Campagne de sabotage contre la Regideso


Selon le chef du centre secondaire de la Regideso Mweneditu, François Mukonkole son entreprise a été victime d’une campagne de sape en 2018 alors qu’il posait ses valises dans la ville. La population était appelée par les leaders communautaires à n’utiliser l’eau de Regideso que comme boisson. Pour les autres besoins corporels ou ménagers, il lui était recommandé de faire usage de l’eau des puits.

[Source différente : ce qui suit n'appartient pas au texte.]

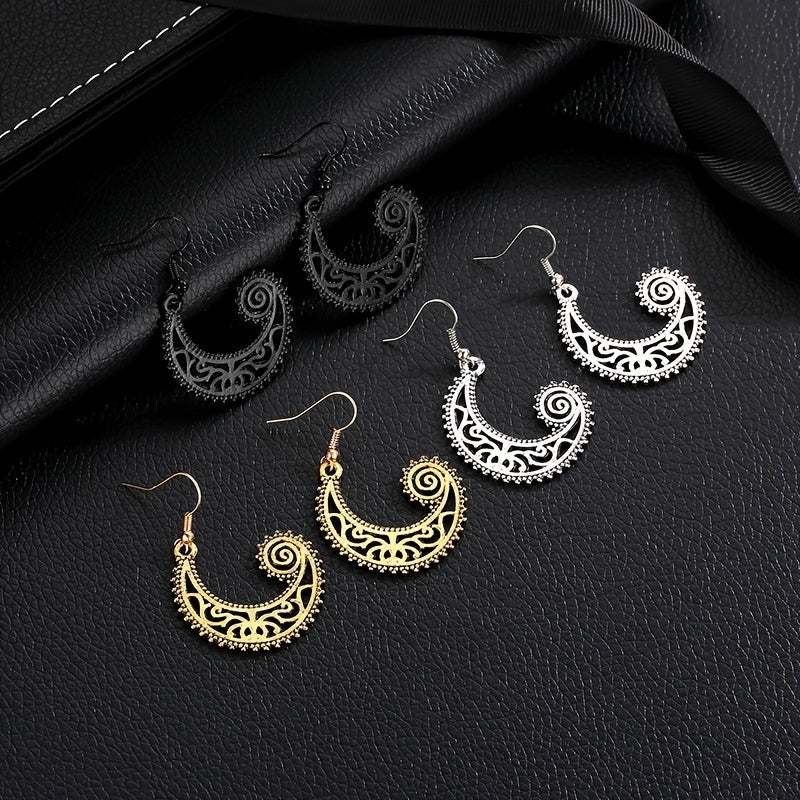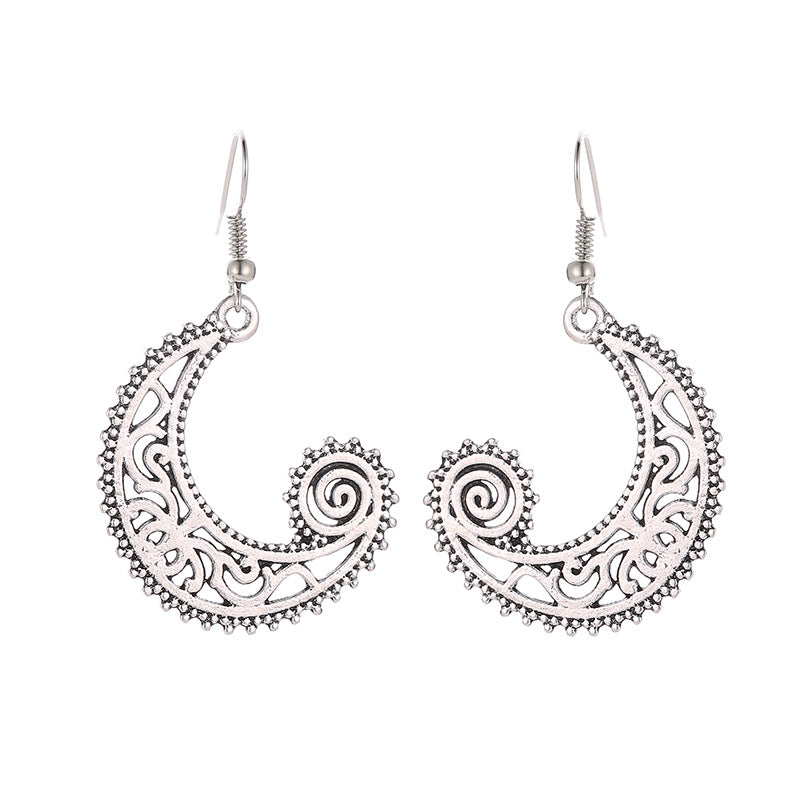 These retro carved moon hook earrings are designed in a bohemian style with wave spiral shape, adding a unique touch to your look.

« Quand je suis arrivée en 2018, j’ai trouvé une campagne contre la Regideso. Dans des réunions auxquelles j’ai participé, on sensibilisait la population en lui demandant de ne réserver qu’un bidon d’eau à la Regideso. Par exemple, un ménage qui consomme 10 bidons par jour, on lui demande de ne consommer qu’un bidon. Les autres, il les trouve où? », s’interroge ce gestionnaire.

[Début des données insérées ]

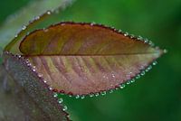 Red Rose Leaves with Morning Dew 1005C - een cluster van 3 jonge rode rozenblaadjes met zware ochtenddauwdruppels op de uiteinden. De achtergrond is zacht middengroen. De sfeer is romantisch. In vogelperspectief zijn de hele randen van de bladeren te zien met de druppels rustend op de randen en uiteinden van de bladeren. Het is een mooie zonnige vroege herfstochtend en de natuur is nog aan het ontwaken.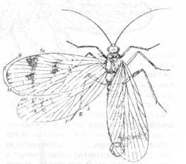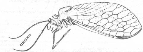 Примитивные нейроптероиды. Из примитивных нейроптероидов отряды Megaloptera (большекрылые), Neuroptera (сетчатокрылые) (рис. 16), Glosselytrodea и Coleoptera (жуки) появились в пермском периоде. Появление Raphidioptera (верблюдки) (рис. 17) можно с достоверностью отнести к юрскому периоду. Обилие и видовое разнообразие представителей этих отрядов были значительно больше в пермском, триасовом и юрском периодах, чем сейчас.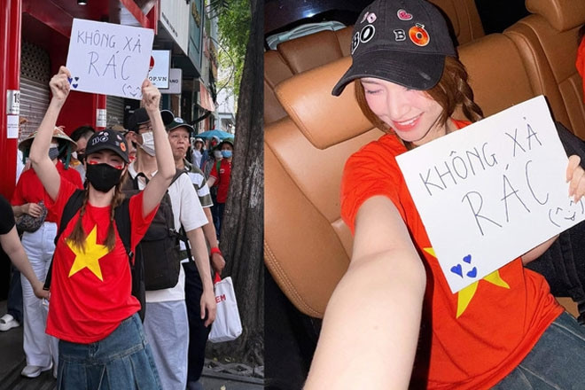 Ca sĩ Hòa Minzy mặc áo cờ đỏ sao vàng, cầm biển "không xả rác" kêu gọi mọi người ý thức giữ gìn vệ sinh trong những ngày chuẩn bị Đại lễ 30/4. Với hành động ý nghĩa này, Hòa Minzy được đặt biệt danh "khối trưởng khối nhặt rác".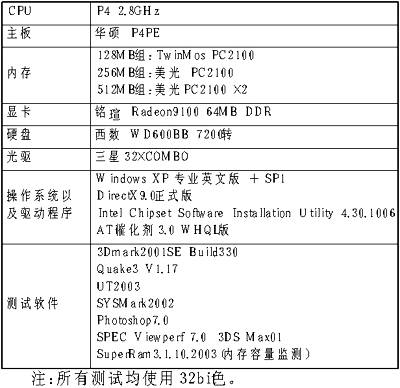 我们根据目前比较常见的配置情况,分三个档次进行测试:128MB、256MB、512MB。测试选用主流的DDR内存,统一工作在133MHz(等效于SDRAM的266MHz)频率下,CL值为2.5。为了贴近实际应用,整个测试根据用户类型分为两个部分:游戏性能测试、办公性能测试。其中标准游戏性能测试我们选用了《Quake3》和3Dmark2001SEBuild330,以及《UT2003》进行测试,同时还进行了《魔兽争霸3》和《战地1942》的实际试玩测试。办公性能测试我们选择了SYSMark2002进行测试,同时也进行了Photoshop 7.0和基于OpenGL的SPEC Viewperf 7.0中的3DSMax01项的实际渲染性能对比测试。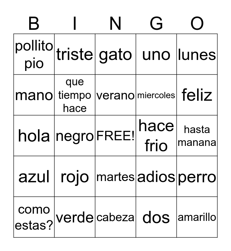 This bingo card has a free space and 24 words: rojo, verde, verano, como estas?, lunes, pollito pio, mano, triste, hace frio, martes, miercoles, hola, adios, perro, que tiempo hace, dos, hasta manana, gato, feliz, negro, amarillo, azul, uno and cabeza.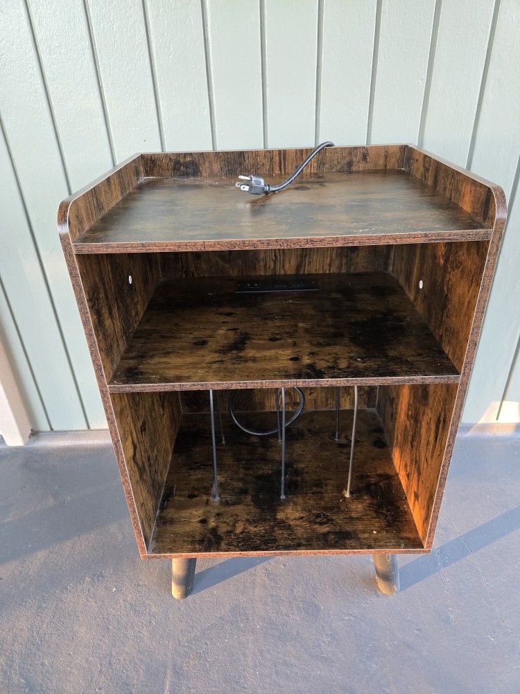 this no longer matches my furniture, all the plugs and chord works. its in very good condition (like new). originally costs $90, purchased 2 years ago. It has a power chord and places to plug in record player. it is 30 inches tall and 19.5 inches wide

Et d’ajouter: « Imaginez chez un abonné qui a même l’eau de la Regideso chez lui, un notable, qui ne consomme pas l’eau de la Regideso. Il n’utilise qu’un mètre cube par moi. Vous lui demandez comment il fait, il explique que l’eau de la Regideso n’est utilisée que pour boire. Pour les autres besoins, il sort pour chercher l’eau des puits chez les voisins ».

La conquête du marché de l’eau à Mweneditu

Dans la capitale économique de la province de Lomami, l’eau potable est avant tout une « affaire d’argent ». Les autorités locales délivrent des permis d’exploitation aux opérateurs privés pour commercialiser l’eau de puits, moyennant « un peu d’argent », indiquent des sources concordantes sur place. Une fois le sésame entre ses mains, l’exploitant a le feu vert de vendre de l’eau à la population, sans aucun contrôle de qualité préalable ni à posteriori.

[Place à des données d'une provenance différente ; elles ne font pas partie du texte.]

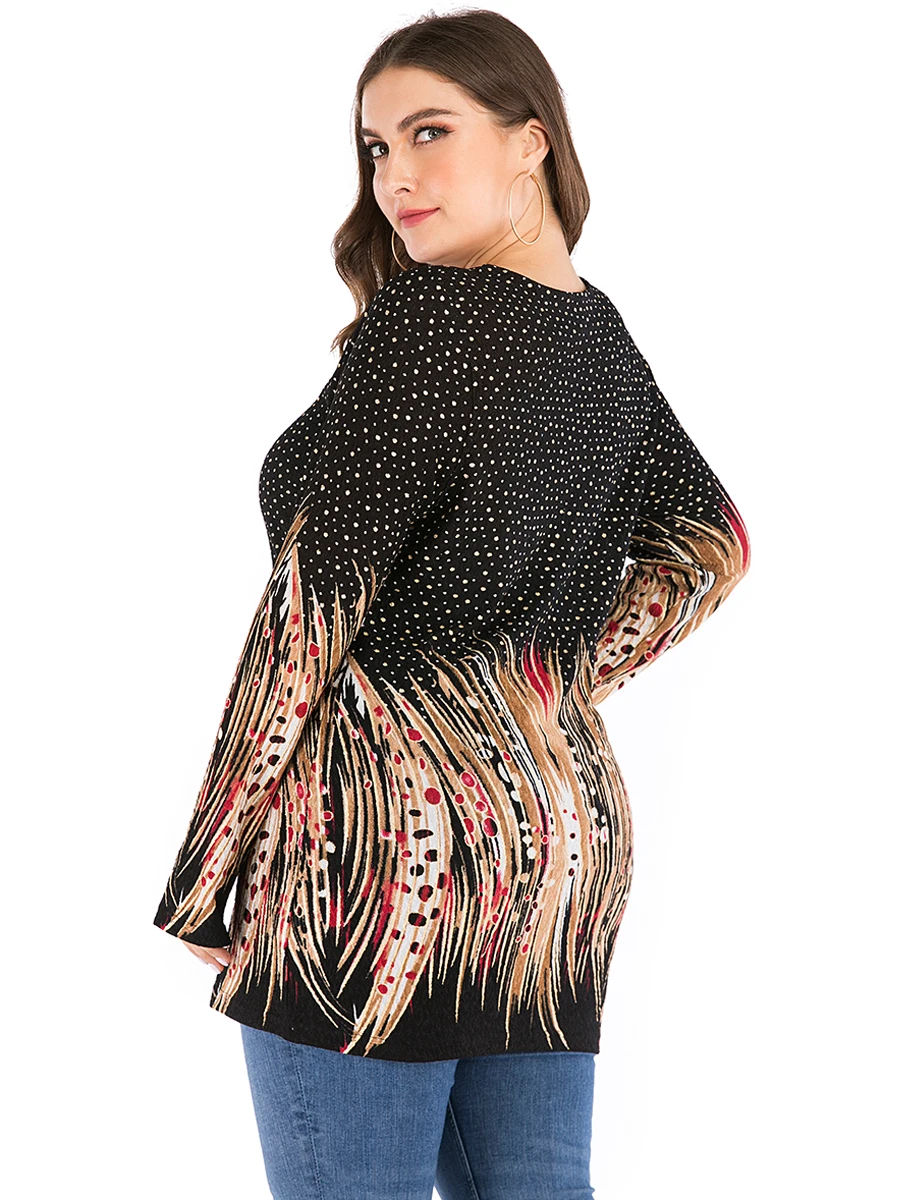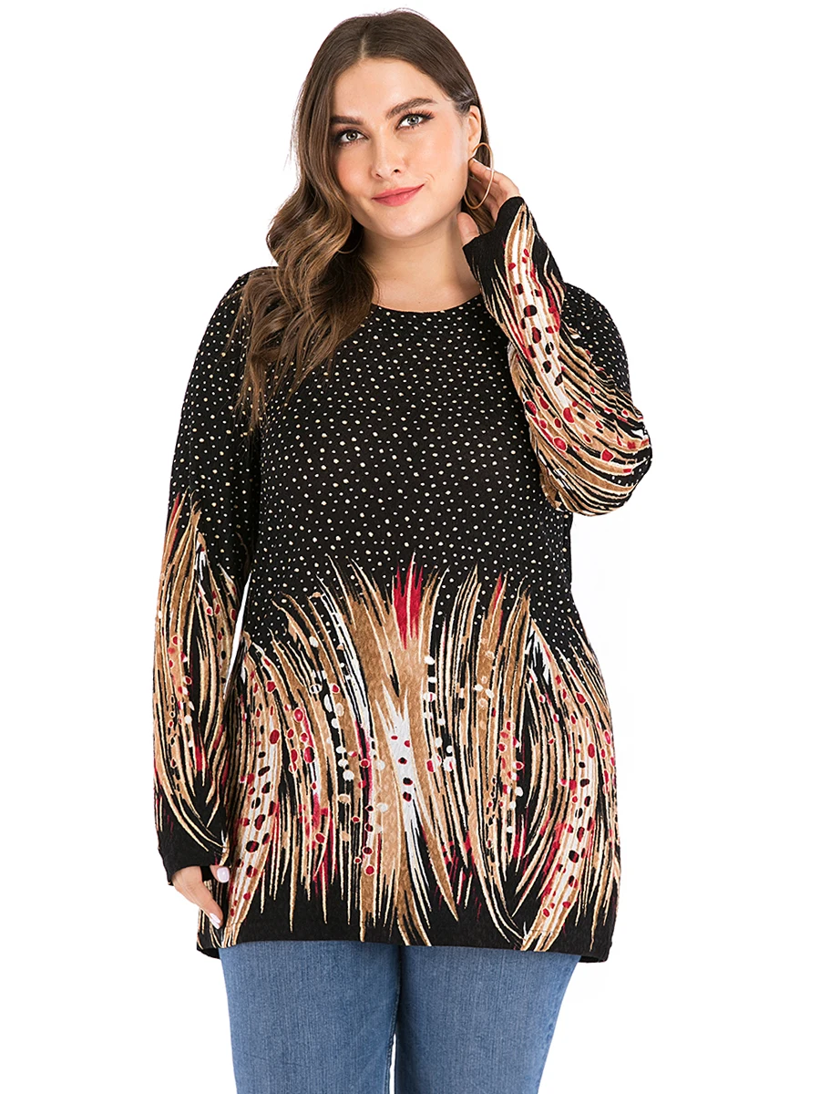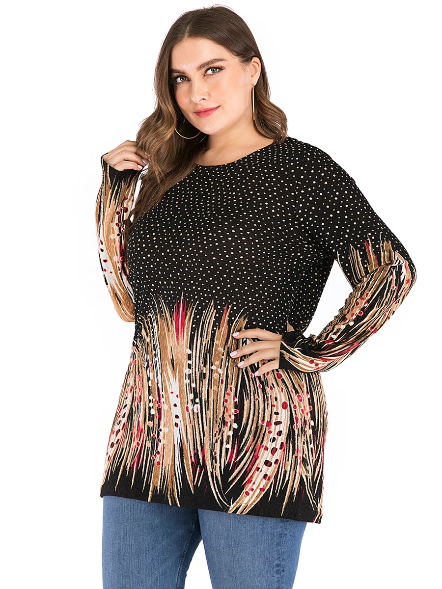 2021 осенне-зимняя блузка с длинным рукавом, с круглым вырезом, в горошек, в полоску, Повседневная Длинная блуза, Женская туника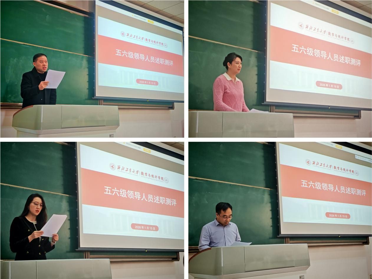 会议首先进行处级领导干部述职测评。学院院长聂玉峰、党委书记王莉、副院长徐根玖、都琳、郭千桥、党委副书记张莹围绕分管工作全面总结学院2025年在党建引领、队伍建设、人才培养、科学研究、国际合作等方面取得的进展,客观分析当前存在的不足,并就学科建设、人才引育、科研攻关等方面提出建设规划。全体教职工以无记名投票方式对领导班子2025年度履职情况进行民主测评。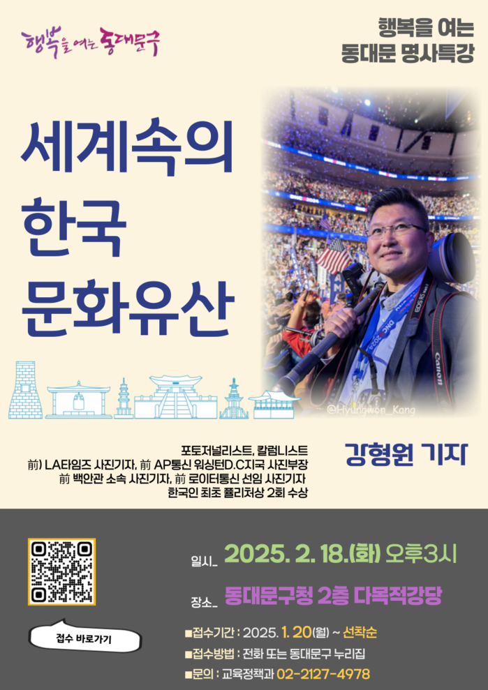 [시민일보 = 이대우 기자] 동대문구(구청장 이필형)가 오는 18일 ‘2월의 명사 특강’을 실시한다.

Les charges étant très faible, les prix de l’eau de puits sont aussi bas, comparativement à ceux de la Regideso. Un récipient de 20 litres revient à 50fc chez les privés, contre 100fc aux bornes fontaine de la Regideso. Pour tenter d’endiguer cette concurrence déloyale, l’entreprise publique chargée de la distribution d’eau potable a plusieurs fois recommandé au maire de la ville d’imposer des taxes d’exploitation aux propriétaires des puits, mais en vain.

Sans l’aide de l’autorité, le chef de centre de la Regideso Mweneditu a initié une campagne médiatique pour faire comprendre à la population l’importance de consommer l’eau potable. « C’est ce qui nous a poussé à concevoir le spot qui passe actuellement sur les chaînes de radio. Ce spot a permis que cette année, la consommation de l’eau potable puisse augmenter. »

Grâce à cette propagande médiatique, les recettes de la Regideso Mweneditu ont connu un accroissement spectaculaire, passant de 3 millions à plus de 13 millions de franc congolais le mois. Cependant, le dur reste à faire pour amener toute la population à comprendre l’importance de consommer l’eau potable de la Regideso. Pour le moment, environ 300 clients sont facturés chaque mois par la Regideso, ce qui ne représente même pas 1% du nombre des habitants de la ville ferroviaire.